I have stated on many occasions that the Dispensationalist approach to Scripture, if consistently applied, would eventually lead one away from Christianity altogether in favor of Christ-rejecting Judaism. Rodney J. Decker's latest article (Why Do Dispensationalists Have Such a Hard Time Agreeing on the New Covenant?) related to the September 2008 Council on Dispensational Hermeneutics, is a classic case in point. Decker has come to the conclusion that the church is not in covenant with God. Instead, Decker concludes, the new covenant is made only with the Christ-rejecting nation of Israel.
The disagreement between Dispensational and Covenantal Theology can be best solved by asking the following question. Whom shall we trust when it comes to the correct interpretation of Old Testament prophecy? Shall we trust the inspired writers of the New Testament, or should we trust Bible Baptist Seminary? Decker, Professor of NT and Greek at Bible Baptist Seminary, makes some surprising claims that put Dispensationalism clearly at odds with Scripture.

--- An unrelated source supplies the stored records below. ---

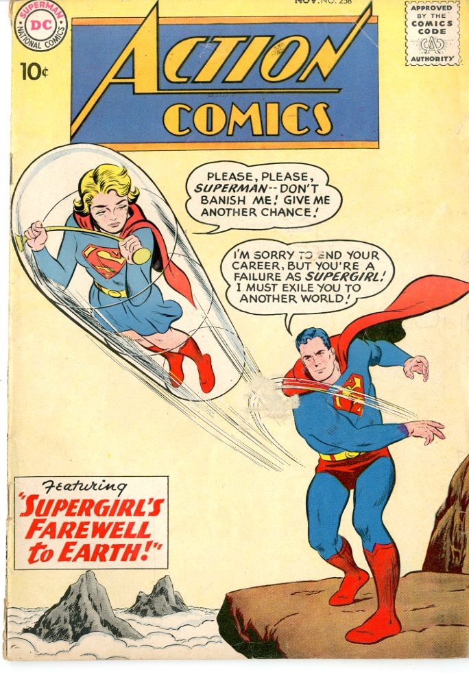 November 1959 Superman stars in "The Menace of Cosmic Man!" Congorilla stars in "Congorilla Goes to War!" Supergirl stars in "Supergirl's Farewell to Earth!" Curt Swan cover pencils. See photos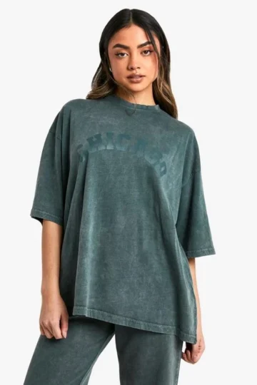 BOOHOO Chicago Slogan Oversized Washed T-Shirt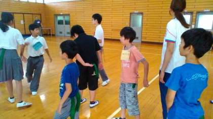最後は武道場にて『尻尾取りゲーム』さすがは中学生!すごい気迫で尻尾を取りに来るので,必死になって逃げました。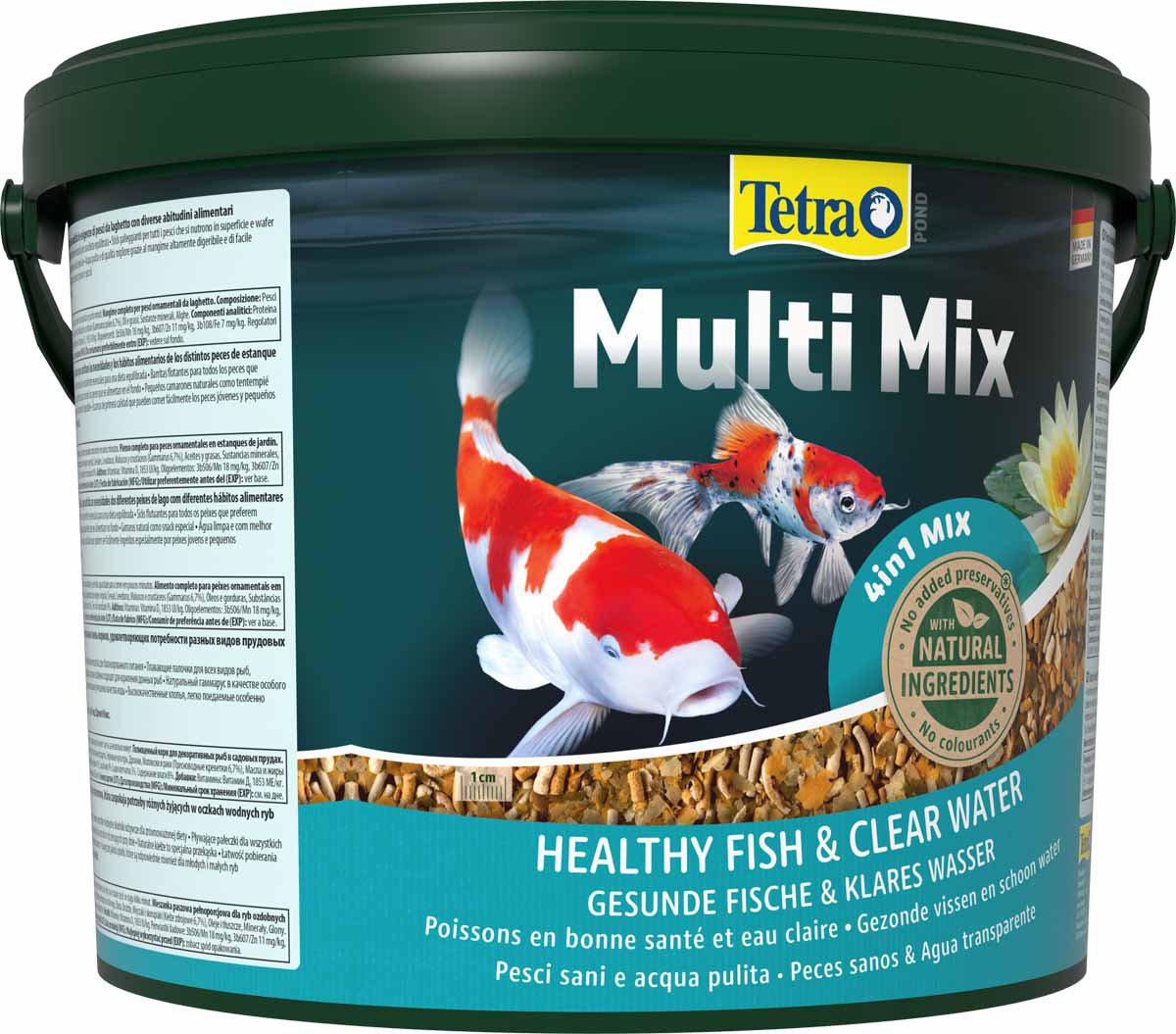 Tetra Pond Multimix 10 L er en alsidig, komplet blanding, der samler fire forskellige fodertyper i én beholder for at dække hele dammens behov. Blandingen indeholder flydende pinde til overfladeædere, sjunkende flagefoder til bundlevende fisk, lette højkvalitetsflager til små og unge fisk samt naturlig gammarus som et velsmagende mellemmåltid.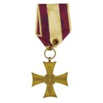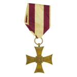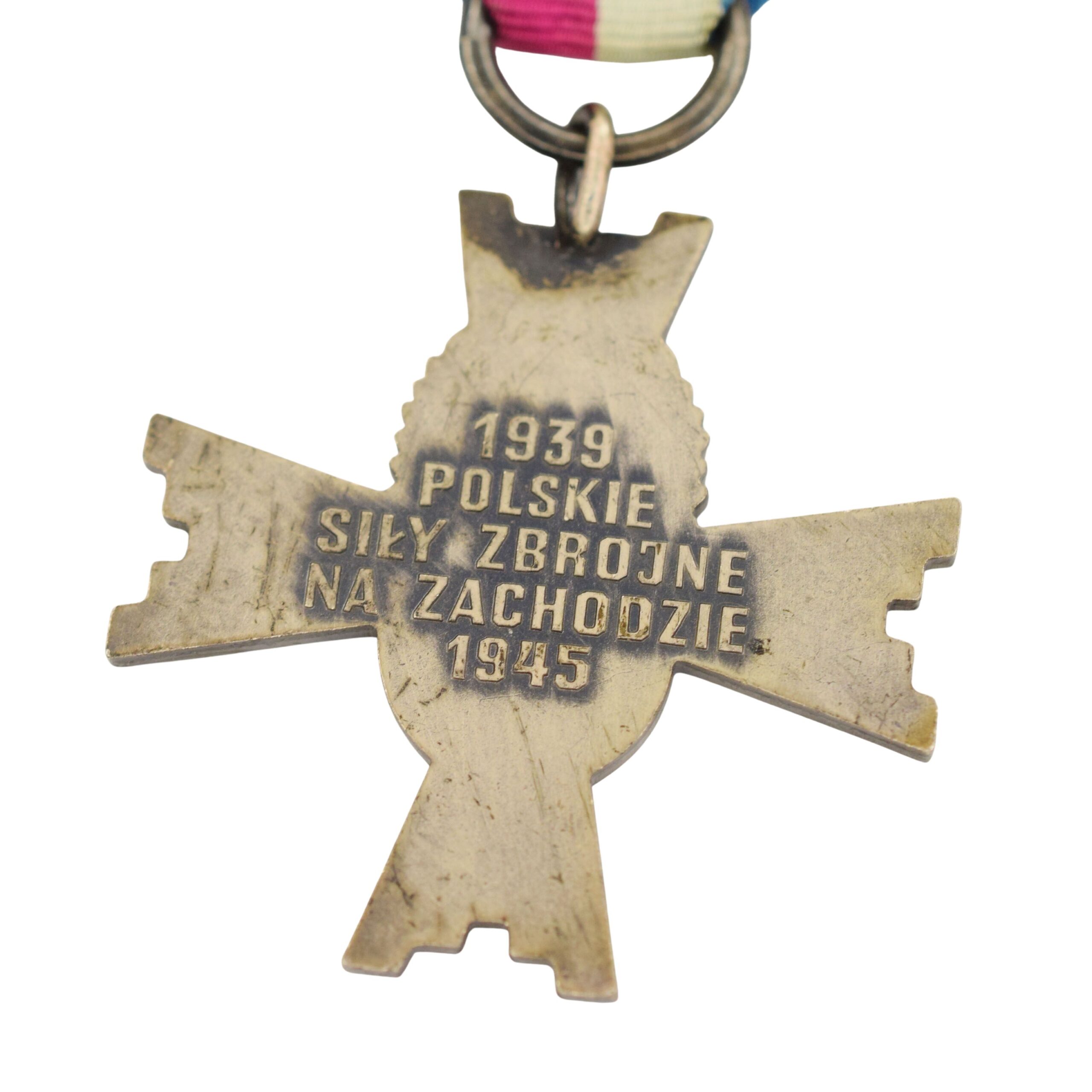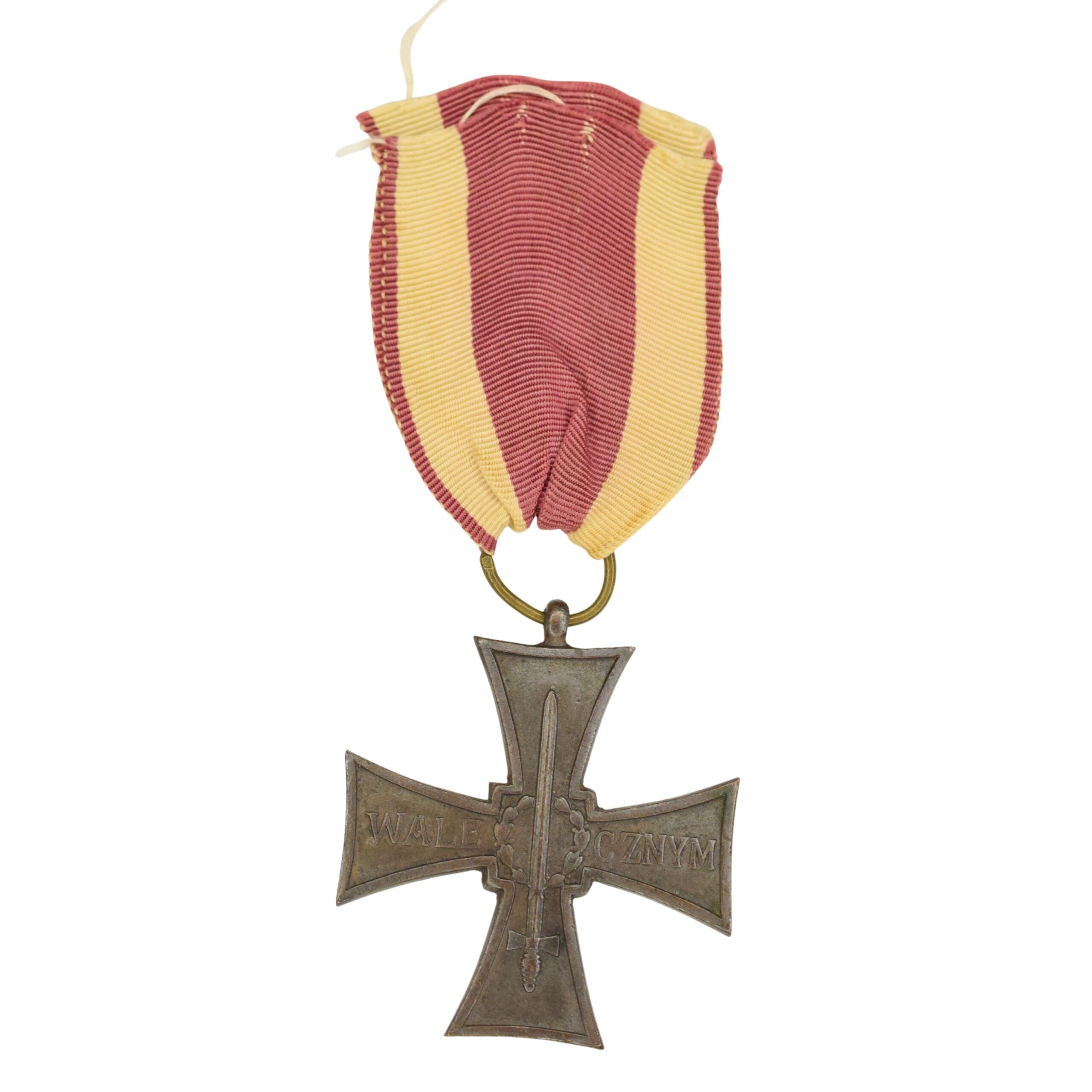 -„Ludowy” Krzyż Walecznych wyprodukowany w Moskiewskich Zakładach Mechanicznych ze starą oryginalną wstążką.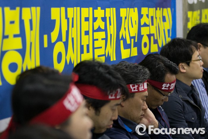 (서울=포커스뉴스) 10일 오전 서울 영등포구 한국노총회관에서 노조원들이 '양대노총 공공부문 공대위 기자회견'에 참석하고 있다.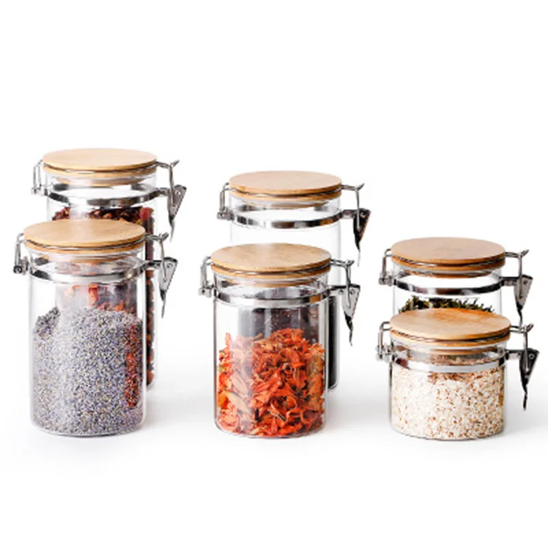 Bamboo Lid Glass Storage Bottle Kitchen Storage Containers Glass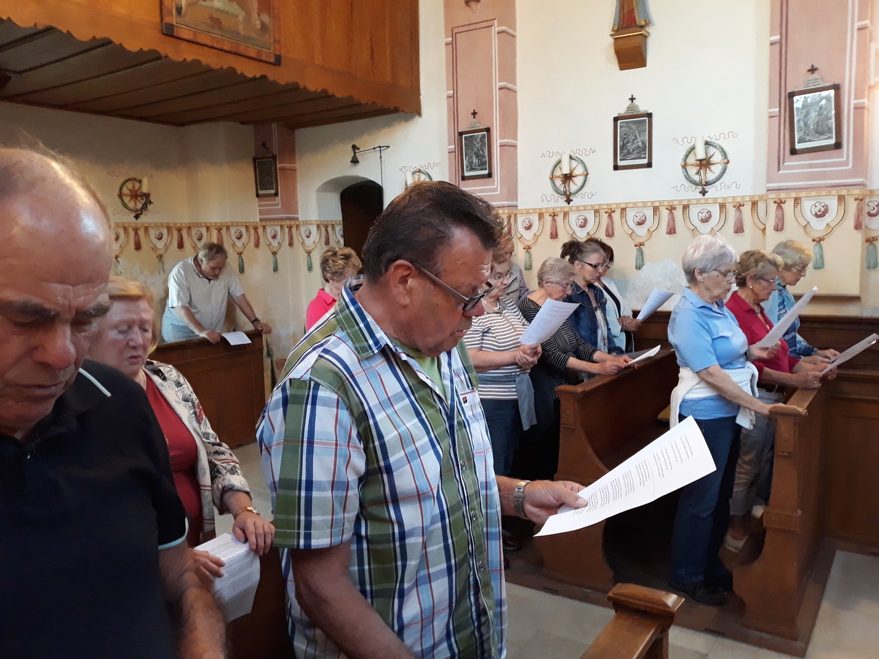 In Webling wurden die Bittgänger mit Glockengeläut empfangen. In der heimeligen Kirche St. Leonhard hatten sich bereits mehrere Damen und Herren versammelt, und so feierte Wolfgang Müller mit einem vollen Gotteshaus eine Andacht. Sowohl die Litaneien als auch die Fürbitten und die gemeinsam gesungenen Lieder brachten den innigen Dank für die Schöpfung, aber auch die Sorge über deren gesicherten Fortbestand eindringlich zum Ausdruck. Gestärkt mit dem Segen Gottes und dem wunderschönen Schlusslied „Maria, dich lieben“ machten sich die Beterinnen und Beter sichtlich heiter und zufrieden auf den Heimweg. Und alle kamen trocken zu Hause an!

After assuming a priori that the Mosaic law has a "lack of legal standing in the church" (p.1), and that the fulfillment of the Davidic Covenant is yet future1 (p. 1 - see Acts 2:25-32), Becker ask a series of questions concerning the method of Bible exegesis. "Does the text determine our theology or does our theology determine our understanding of the text? How does our hermeneutical framework - our theological system- affect (and sometimes effect!) our exegetical conclusions? Which takes priority, text or theology? We all know the "correct" answer to such questions: the text must determine our theology." (p. 2). All good so far, but this approach dissolves into mere rhetoric once he begins to delve into Old Testament Prophecy. He writes, “If God does not fulfill the promises of the new covenant with Israel exactly as he promised and as the prophet understood God’s promise, the God has failed.” (p. 20). This statement clearly begs the question. Becker never tells us how we are to determine the way "the prophet understood God’s promise". What insight does he have into the mind of the Old Testament prophets? Does he have any more than Jesus, John, Peter, or Paul? By rejecting the New Testament fulfillment as the actual fulfillment, Becker has clearly let his theology determine his understanding of the text. In addition, the Dispensational hermeneutic fails to focus on all of Scripture as a story of Christ's redemptive work. It pits Scripture against Scripture, and focuses on Old Testament shadows instead of the substance in Christ. (John 1:45, John 5:46, John 8:56, etc.). Furthermore, if we were to apply Becker’s standard to the Messianic Prophecies of the Old Testament, we would become Judaist, who were blind leaders of the blind (Luke 6:39).
If nothing else, Decker should get props for consistency in terms of the new covenant in Dispensational theology. He also soundly refutes the modern "dual covenant" heresy propagated by John Hagee and others. Perhaps I can answer the question as to why Dispensationalists have such a hard time agreeing on the New Covenant. Because, contrary to Galatians 3:28, they insist on erecting racial walls in order to separate fleshly Israel from the Church. As such, they cannot figure out how to include both in the New Covenant. Like other dispensationalists, Decker cannot come to grips with the fact that there is no covenant without Christ, and there never has been. Thus Decker concludes, based on his flawed hermeneutic, that the New Covenant is made only with the present nation of Israel, not the church. However, he does suggest that the church participates in the blessing “in some way” (p. 19). He further defends the exclusion of the church from the New Covenant by boldly telling us that “...the church is never mentioned in the OT" (p. 17). Hmmm...
The redemptive work of Christ is the center of both the Old and the New Covenant, both covenants being made with the elect and them only. As for the correct interpretation of Old Testament Prophecy, why do we need to go any further than the interpretation given us in the New Testament? Indeed, Dispensationalism has been weighed in the balances and found wanting.
1 I give Becker the benefit of the doubt concerning this approach, as he was addressing fellow dispensationalist concerning his view of the new covenant. He didn't address Covenantal views, which I have done many times here.